Problem to solve:
No pictures should appear in the copy. Reproduce exactly the lines from the one containing "the vcs 2 is" through the end of the material below.

Records for the exercise:
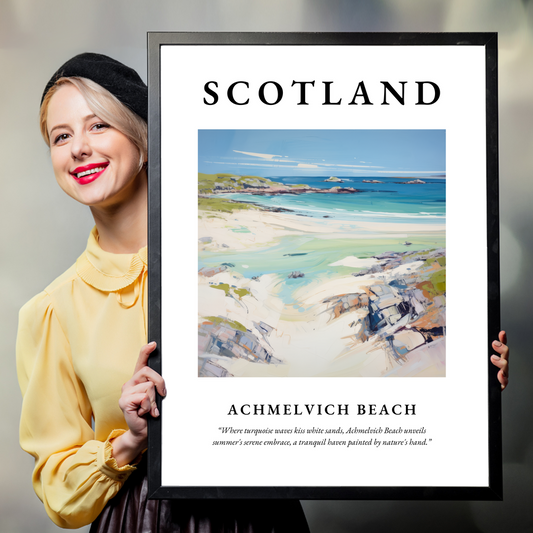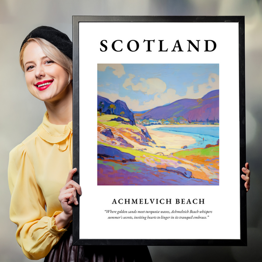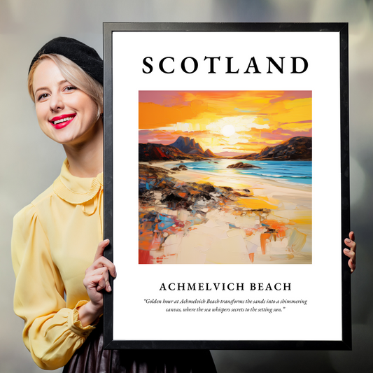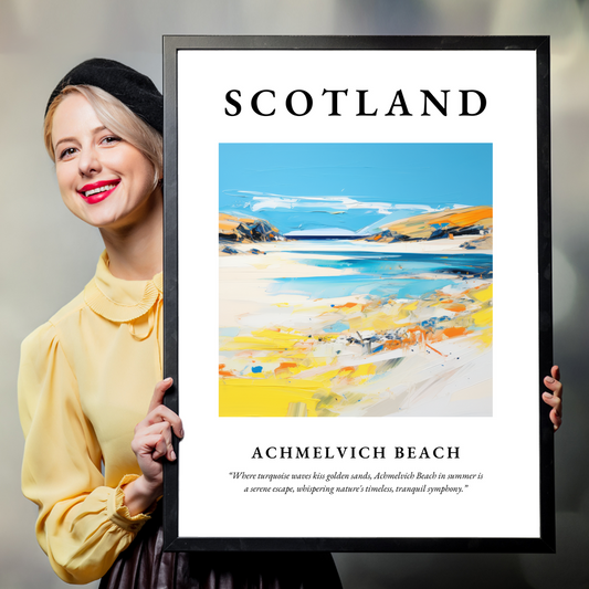 Our collection of high-quality framed prints from Achmelvich Beach beautifully captures these elements, making them an exceptional addition to any space. Opt for a classic, elegant look with a framed print in black, white, or natural wood. Each frame is meticulously crafted to complement the unique characteristics of every painting, protecting and enhancing the artwork while maintaining an aesthetic coherence that's sure to enrich your home decor. Whether it's the soft hues of a sunset or the vibrant blues of a midday sky, Achmelvich Beach prints offer an artistic escape to Scotland's serene coast.
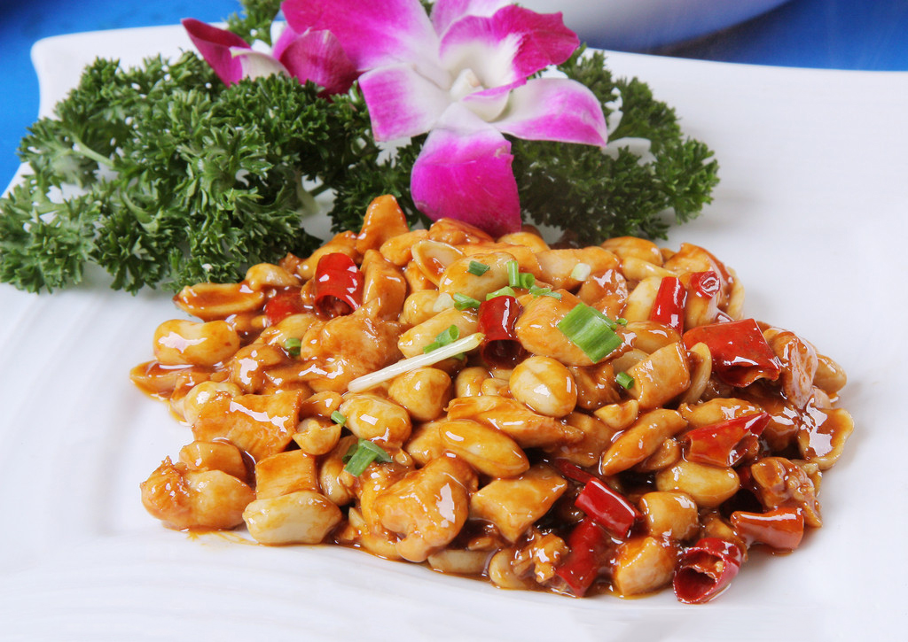 制作材料:鸡肉(鸡脯或鸡腿肉)200克,花生米50克,干辣椒4只,花椒20粒,蒜、红白酱油、醋、料洒、鲜汤、姜、葱、酱油、糖、生粉各适量。
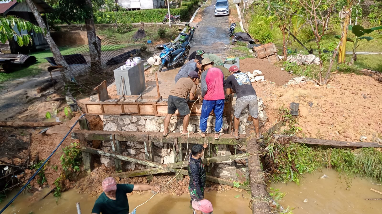 Di lapangan, tampak anggota TNI dan masyarakat bekerja sama secara efektif dalam proses pengerjaan, mulai dari pemasangan rangka hingga pengecoran dan penataan struktur jembatan. Dengan alat yang sederhana, mereka berhasil mencapai hasil yang optimal berkat kolaborasi dan rasa saling percaya satu sama lain.
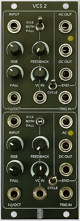 the vcs 2 is a unity gain voltage follower. the rising and falling slopes are independently and jointly voltage controllable over a wide range. an extremely versatile module, here are some patch ideas for creating and modifying cv and audio:
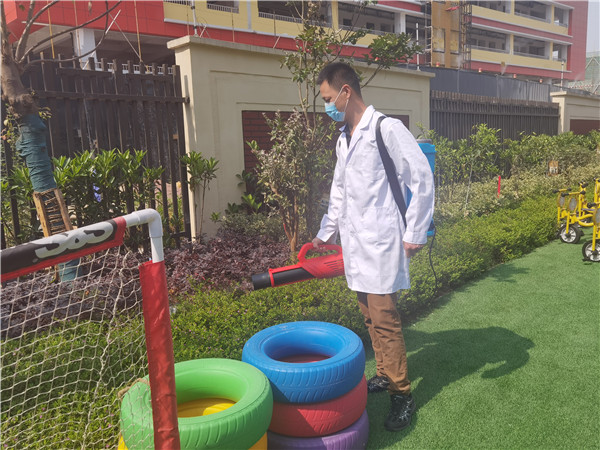 为进一步做好新冠肺炎疫情防控,预防夏季各种传染病的传播,切实保障全园师幼的健康。成都市双流区怡心第三幼儿园于2021年5月1日聘请成都卫博士科技有限公司的专业工作人员对幼儿园内的各个角落进行全方位、无死角的环境卫生消杀工作,全力营造安全、卫生、健康的幼儿园环境。

Output for this task:
 the vcs 2 is a unity gain voltage follower. the rising and falling slopes are independently and jointly voltage controllable over a wide range. an extremely versatile module, here are some patch ideas for creating and modifying cv and audio:
 为进一步做好新冠肺炎疫情防控,预防夏季各种传染病的传播,切实保障全园师幼的健康。成都市双流区怡心第三幼儿园于2021年5月1日聘请成都卫博士科技有限公司的专业工作人员对幼儿园内的各个角落进行全方位、无死角的环境卫生消杀工作,全力营造安全、卫生、健康的幼儿园环境。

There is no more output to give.